As of 2009, there are only a few large markets where Google is not the leading search engine. In most cases, when Google is not leading in a given market, it is lagging behind a local player. The most notable example markets are China, Japan, South Korea, Russia, and the Czech Republic, where, respectively, Baidu, Yahoo! Japan, Naver, Yandex, and Seznam are market leaders.

Successful search optimization for international markets may require professional translation of web pages, registration of a domain name with a top-level domain in the target market, and web hosting that provides a local IP address. Otherwise, the fundamental elements of search optimization are essentially the same, regardless of language.

 

Legal precedents

On October 17, 2002, SearchKing filed a suit in the United States District Court, Western District of Oklahoma, against the search engine Google. SearchKing's claim was that Google's tactics to prevent spamdexing constituted tortious interference with contractual relations.

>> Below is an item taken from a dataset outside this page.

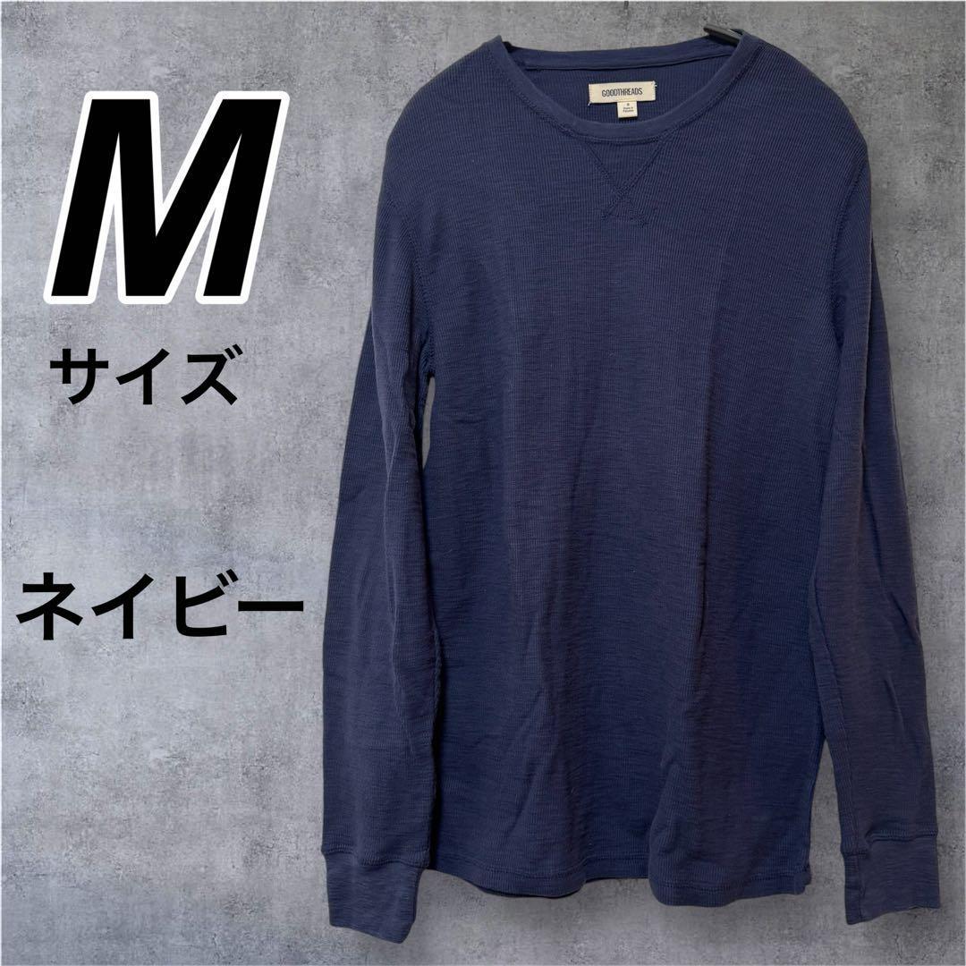 - クルーネックシャツ 長袖 ロンT Mサイズ ネイビー 綿100% メンズ 丸襟

On May 27, 2003, the court granted Google's motion to dismiss the complaint because SearchKing "failed to state a claim upon which relief may be granted."

In March 2006, KinderStart filed a lawsuit against Google over search engine rankings. KinderStart's website was removed from Google's index prior to the lawsuit, and the amount of traffic to the site dropped by 70%. On March 16, 2007, the United States District Court for the Northern District of California (San Jose Division) dismissed KinderStart's complaint without leave to amend and partially granted Google's motion for Rule 11 sanctions against KinderStart's attorney, requiring him to pay part of Google's legal expenses.